Ein weiteres Angebot der Drogenhilfe Schwaben ist der Streetwork-Kontaktladen KiZ in Augsburg. Er befindet sich in der Innenstadt und fungiert als Café, als Rückzugsraum und als Schutzort vor dem harten Alltag, den viele Drogenkonsument*innen in der Szene gewohnt sind. Julian berichtet, dass seine Kolleg*innen dort vor Ort als Ansprechpartner*innen zur Verfügung stehen und zum Beispiel beim Antrag von Arbeitslosengeld behilflich sind. Die Pandemie hat den Betrieb des Kontaktladens zeitweise lahmgelegt. Aufgrund der Beschränkungen musste er zwischenzeitlich schließen. Julian und seine Kolleg*innen mussten sich eine andere Lösung überlegen.
"Wir haben Essenspakete geschnürt […] und gekuckt, dass die Leute was zu essen haben und jemanden zu reden.
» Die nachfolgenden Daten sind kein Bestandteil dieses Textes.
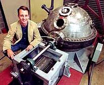 Madison - October 20, 1999 - For more than 100 years, scientists have been trying to tease out the secrets of the natural, magnetic field-generating dynamos that exist in the Earth and virtually all other celestial objects from stars to galaxies.But the phenomenon, which occurs deep within the Earth at its outer core of molten iron, or at vast distances from our planet, has proved inaccessible, a mystery shielded by miles of rock or distances often measured in light years. Caption: Physics professor Cary Forest shows off a large stainless steel sphere used for the Madison Dynamo Experiment, which is expected to demonstrate how molten iron combines with the planet's rotational energy to generate the self-perpetuating magnetic field responsible for effects that range from spinning compass needles to shielding our planet from dangerous cosmic rays. Photo by Jeff Miller Now, however, scientists may soon get the opportunity to study the phenomenon firsthand. The finishing touches are being applied to a university experiment that will attempt to recreate -- in a 1-meter-wide stainless steel sphere -- the same conditions that give rise to the self-perpetuating magnetic fields seen in nature. "This is something that hasn't been done before," says Cary Forest, a physics assistant professor. Forest leads one of several groups from around the world racing to be the first to mimic a well-known, but poorly understood, feature seen in the Earth and other rotating objects such as stars, galaxies and planets. "You can't measure it in the Earth. You can only look at it from far away," says Forest. At the heart of the Madison Dynamo Experiment is perhaps the world's most unusual blender, a large stainless steel sphere fitted with two opposing propellers.
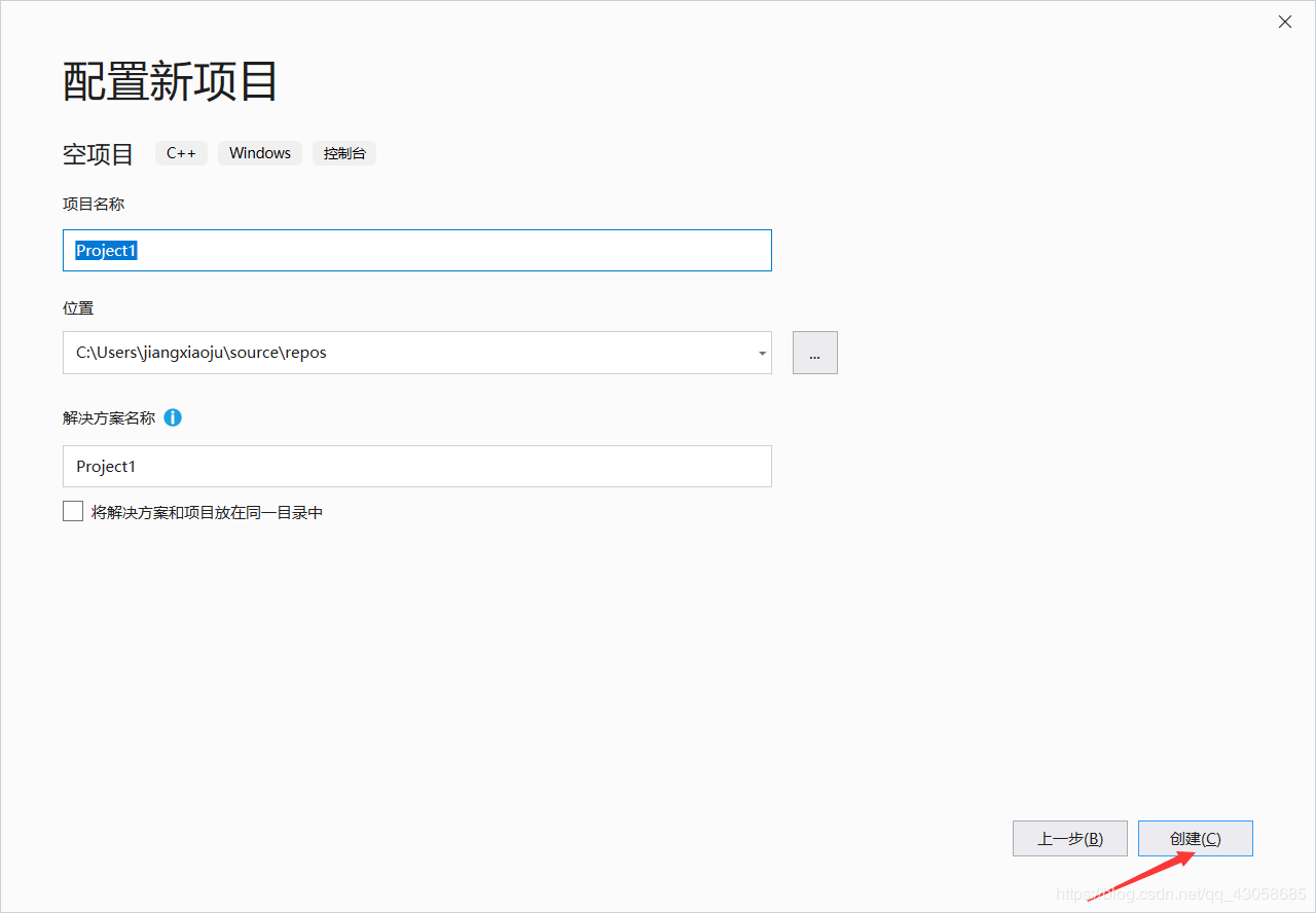 选择创建一个空项目。这里虽然是c++语言,但可以兼容c语言的,所以不用担心。

Also Beratung und Spritzentausch haben wir aufrecht erhalten und haben uns um Verpflegung gekümmert, weil dieser Cafébetrieb unter den Umständen halt nicht möglich war." – Julian Meyer


Abenteuer und keine Langeweile

Als Streetworker ist Julian Berater, Vertrauensperson, medizinischer Helfer und wichtiger Ansprechpartner für Drogenkonsument*innen und/oder obdachlose Menschen. Außerdem hat er auch die Chance, auf der Straße mit Passanten zu sprechen, und kann versuchen, Verständnis für die Menschen hervorzurufen. Ein selbstbestimmter Job mit Verantwortung und Herausforderung. Julian ist gerne Streetworker.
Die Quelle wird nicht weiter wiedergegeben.